The rise of pre-nups in the UK

Couples are now seeking certainty and clarity on their financial arrangements


Pre-nuptial agreements have become more and more common in England and Wales over the course of the last few years.

The tide really turned following the Supreme Court case of Radmacher v Granatino in 2010, when the court considered whether the terms of a pre-nuptial agreement should be upheld by the courts in England when resolving the financial arrangements between the parties to a divorce, write Julia Cox, personal tax and trust lawyer, and Felicity Chapman, senior associate, at Charles Russell Speechlys.

It found that “the court should give effect to a nuptial agreement that is freely entered into by each party with a full appreciation of its implications unless in the circumstances prevailing it would not be fair to hold the parties to their agreement”.

While in England and Wales the family court still retains the ultimate jurisdiction to determine the appropriate financial arrangements on divorce  – in contrast to some other jurisdictions where pre-nuptial agreements have been legally binding for many years – since the Radmacher case pre-nuptial agreements have been regarded as increasingly binding.

The rise in pre-nuptial agreements has perhaps also been spurred on by the high level of financial instability since the pandemic began. They assist parties in ensuring that they have the greatest certainty and clarity possible regarding the financial arrangements between them.


The primary purpose of a pre-nuptial agreement is usually to protect wealth brought to the marriage or likely to be received during the marriage by one or both of the parties, and to set out the financial arrangements in the event of the marriage breaking down.

It might make it clear that certain assets are to be ringfenced and not shared or claimed against in the event of a divorce. Some go into a high level of detail about the financial provision that would be made for the parties (and sometimes also children) on a future divorce.

While the parties’ Wills primarily govern the position on death, a pre-nuptial agreement can also be used to record their joint intentions and understanding of their post-death plans such as in relation to trust assets.

Tax may be a relevant consideration too, including mitigation. It could also help to stave off a possible future claim against a party’s estate on death under the Inheritance (Provision for Family and Dependants) Act 1975.

Who needs one?

There are many situations in which a pre-nuptial agreement may be advisable. They are no longer the preserve of the ultra-rich only.

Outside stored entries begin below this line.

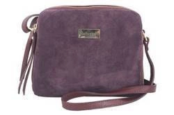 Skórzana mała listonoszka na ramię zamszowa bordowa - Barberini's 710-5
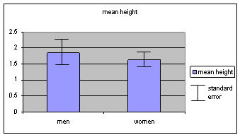 DiscussionThe standard error gives a measure of how well a sample represents the population. When the sample is representative, the standard error will be small. The division by the square root of the sample size is a reflection of the speed with which an increasing sample size gives an improved representation of the population, as in the example above. An approximation of confidence intervals can be made using the mean +/- standard errors. Thus, in the above example, in Sample 4 there is a 95% chance that the population mean is within +/- 1.4 (=2*0.70) of the mean (4.78). Graphs that show sample means may have the standard error highlighted by an 'I' bar (sometimes called an error bar) going up and down from the mean, thus indicating the spread, for example as below:
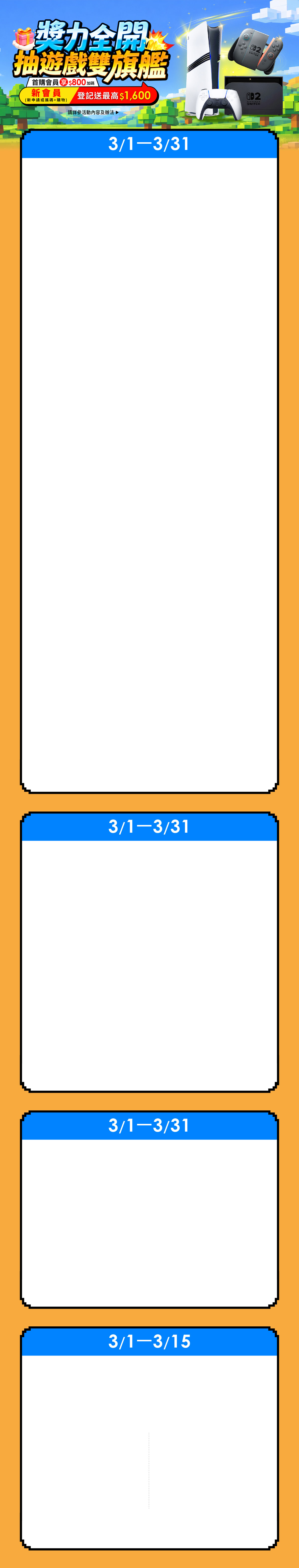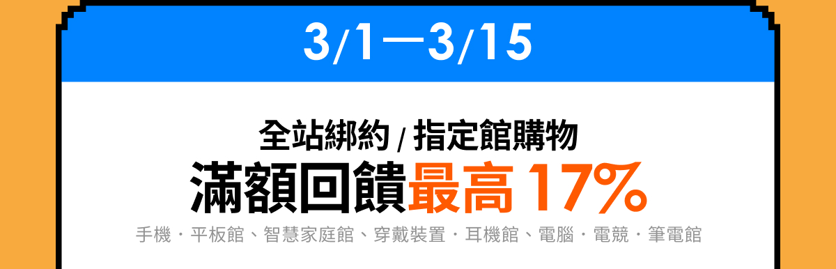 【獎力全開 抽遊戲雙旗艦】3/1-3/15 全站綁約/指定館購物滿額登記回饋最高17%
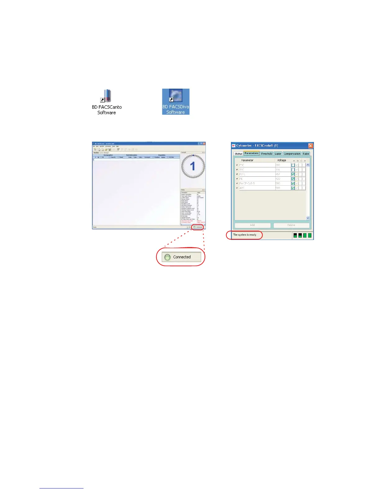 3 Make sure the software is connected to the cytometer.

Some common scenarios where pre-nuptial agreements are made include the following:

  • Parties entering into a second (or subsequent) marriage, each with their own assets and wishing to preserve those for the children of their previous marriages;
  • One party has or expects to receive significant wealth from family or another external source and wishes to protect that for future generations of the family;
  • One or both parties are in business with others and wish to ensure that this would not be disrupted or claimed against in the event of a divorce – though the business governance position should of course be considered too;
  • There are specific assets that one or both of the parties wish to make clear are to be ringfenced.

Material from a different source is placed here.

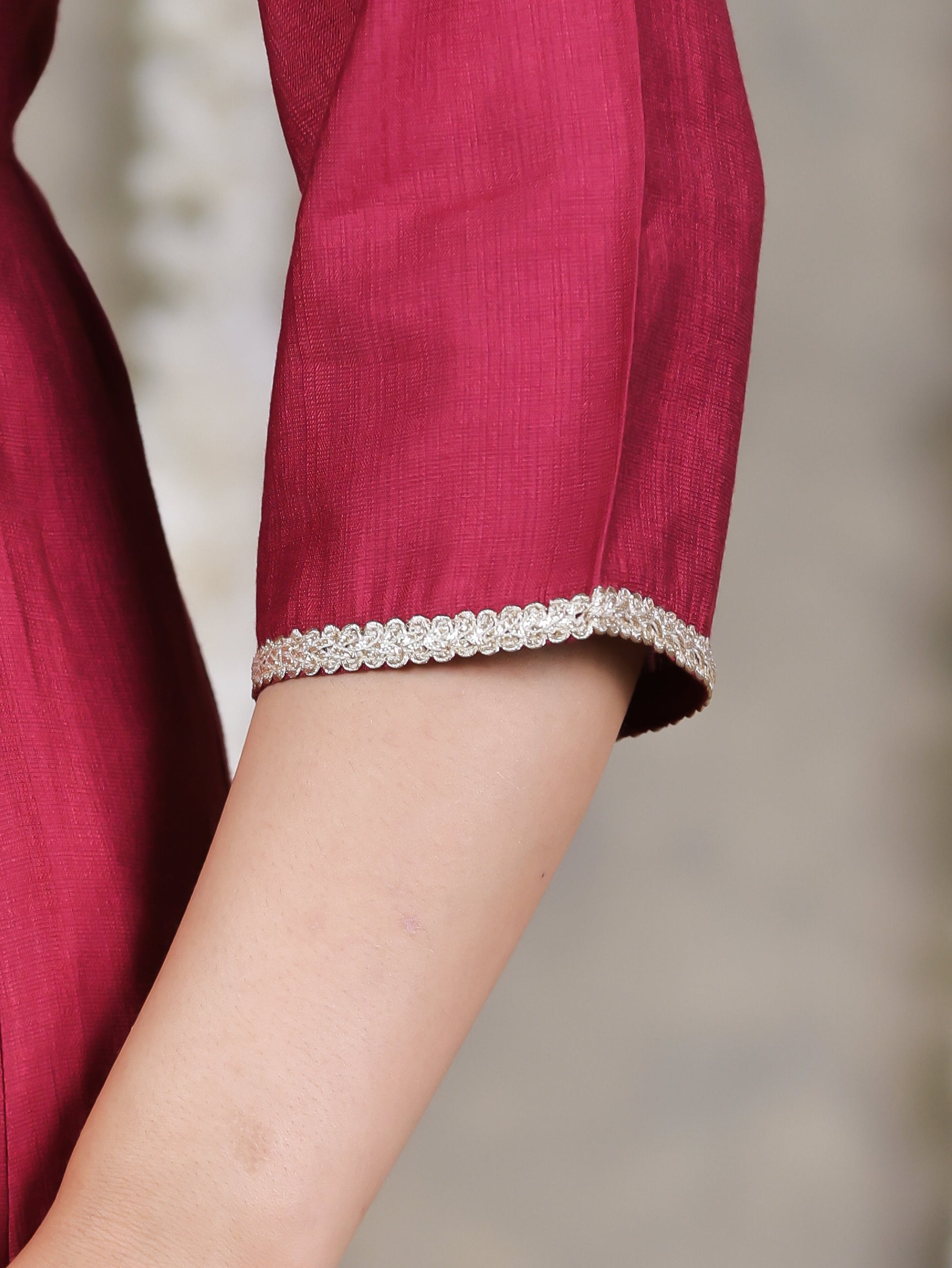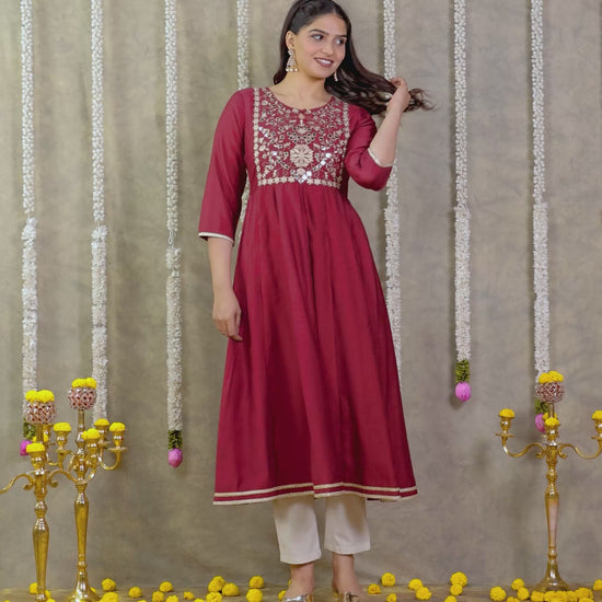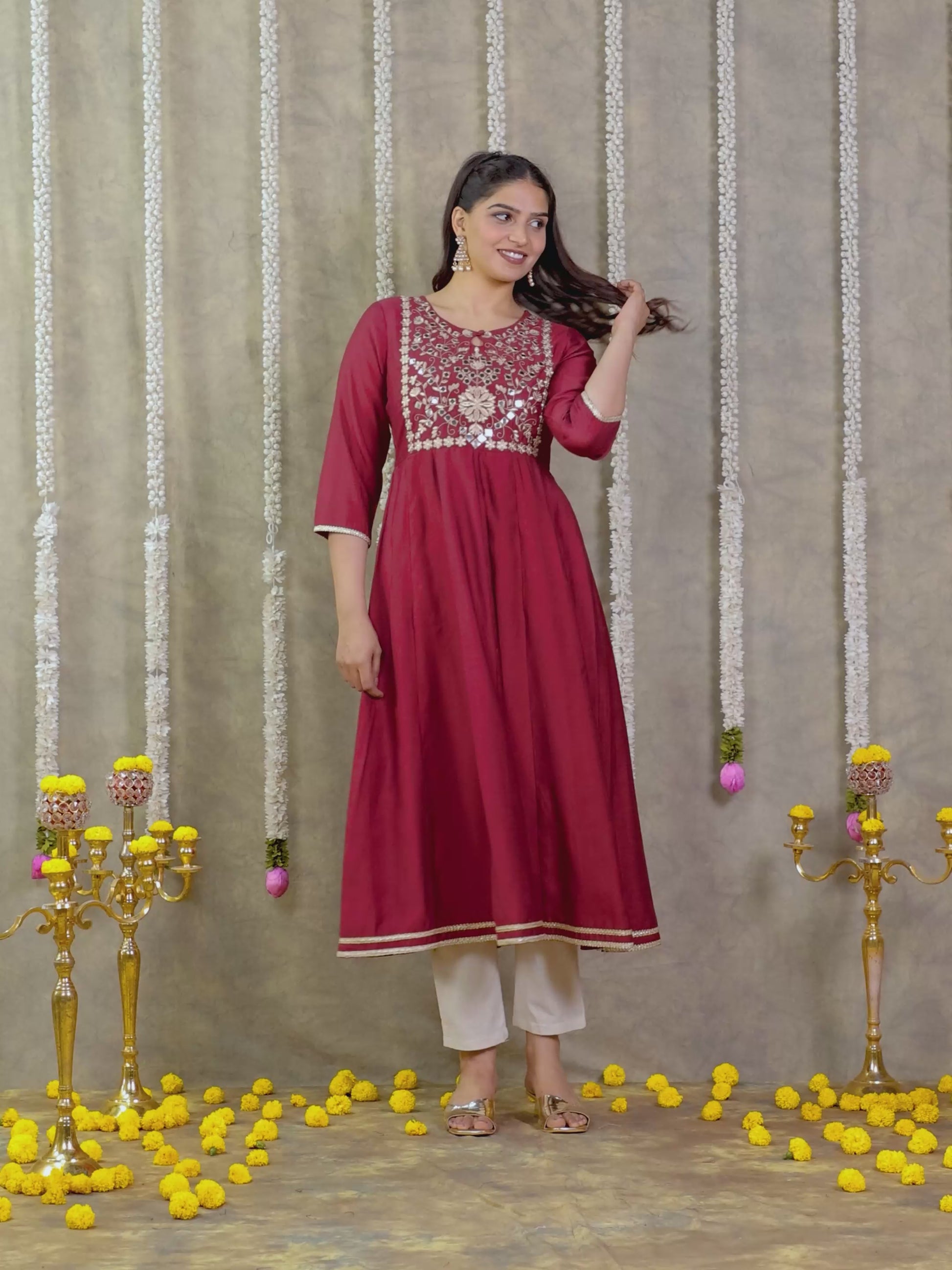 Embroidered Silk Solid Anarkali Maroon Kurta

When should people enter into one?

There is no absolute deadline as to when a pre-nuptial agreement must be signed. However, the Law Commission recommended in 2014 that this should be no less than 28 days before the wedding.

While it is generally still better for the financially stronger party for there to be a pre-nuptial agreement signed shortly before the wedding than to have no pre-nuptial agreement at all; the closer the wedding date, the greater the risk of the other party later alleging that they were under undue pressure and/or did not have time to properly consider and take advice on the terms and so the agreement should not be upheld.

It is important that sufficient time is allowed for the parties to exchange some financial information, for them to take separate legal advice from their own independent advisers and for the precise terms of the agreement to be negotiated. It is therefore generally sensible to start this process several months before the planned wedding date. This timeframe also has the benefit of taking the pressure off the parties and allowing them to concentrate on wedding plans in the run-up to the big day.

Even after the parties marry, they can instead enter into a ‘post-nuptial agreement’. The purpose, remit and legal status is the same as a pre-nuptial agreement and this can be done at any point during the marriage.

Nuptial agreements now frequently form an important part of clients’ wealth planning and protection, alongside other measures such as trusts, family investment companies, their Wills and powers of attorney. Taking a holistic approach to such planning can reap significant benefits for clients in achieving their financial goals.

This article was written for International Adviser by Julia Cox, personal tax and trust lawyer, and Felicity Chapman, senior associate, at Charles Russell Speechlys.